__PROBLEM TO SOLVE__
Write out exactly the lines below starting at the one containing "Мойка кухонная из" and ending at the one containing "Винт нержавеющий шестигранник". Omit every picture.

__DATA__
● ● ● ● ● ● ●

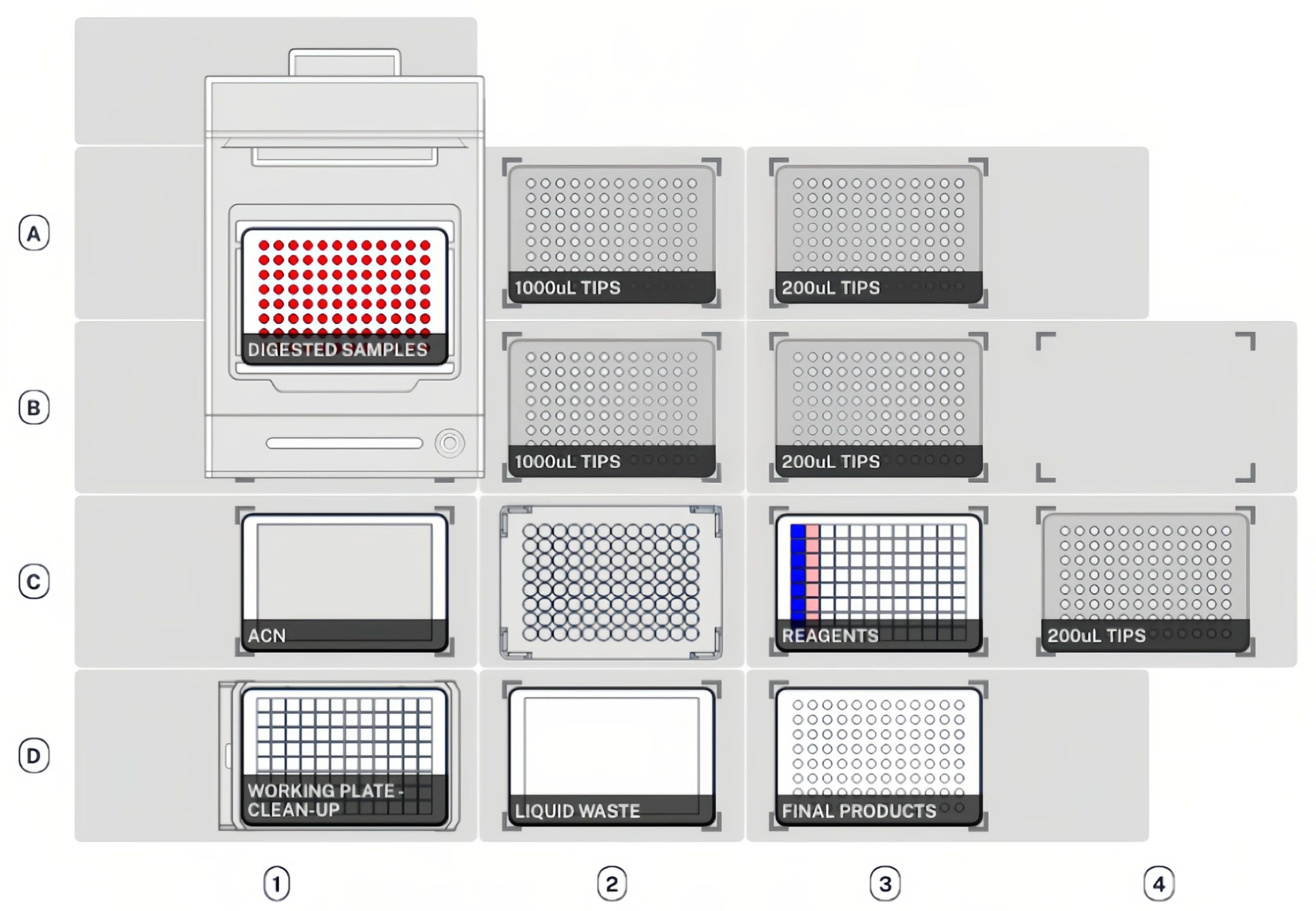 圖 2. Opentrons Flex自動(dòng)化蛋白質(zhì)酶解與純化的甲板布局示意圖
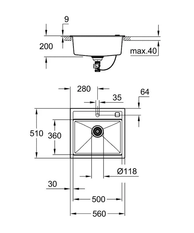 Мойка кухонная из искусственного гранита Grohe K700 31651AT0, 56 x 51 см, с корзинчатым вентилем и донным клапаном, серый гранит
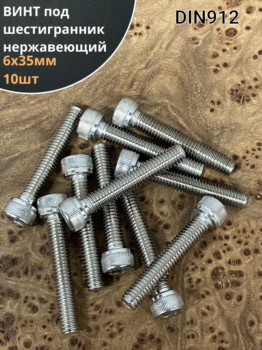 Винт нержавеющий шестигранник М6х35, DIN 912, 10 шт
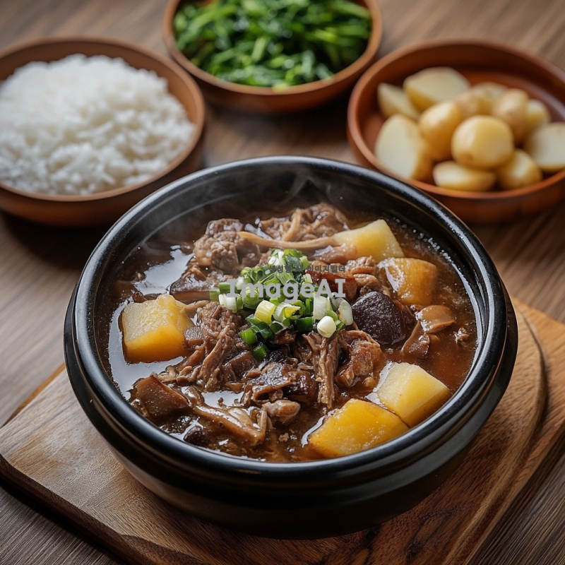 한국 전통 음식인 곱도리탕을 중심으로, 맛있게 조리된 곱도리탕의 모습. 진한 국물에 다양한 재료가 어우러져 있는 모습, 매콤한 양념이 가득한 식탁 위의 아름다운 플레이팅. 주변에 김이 모락모락 나는 밥과 함께, 따뜻한 분위기의 한국식 식사 환경을 강조. 조리 과정에서의 신선한 재료들, 예를 들어 곱창, 닭고기, 감자, 대파 등이 함께 담긴 이미지.

● ● ● ● ● ● ●

__RESPONSE TO THIS TASK__
 Мойка кухонная из искусственного гранита Grohe K700 31651AT0, 56 x 51 см, с корзинчатым вентилем и донным клапаном, серый гранит
 Винт нержавеющий шестигранник М6х35, DIN 912, 10 шт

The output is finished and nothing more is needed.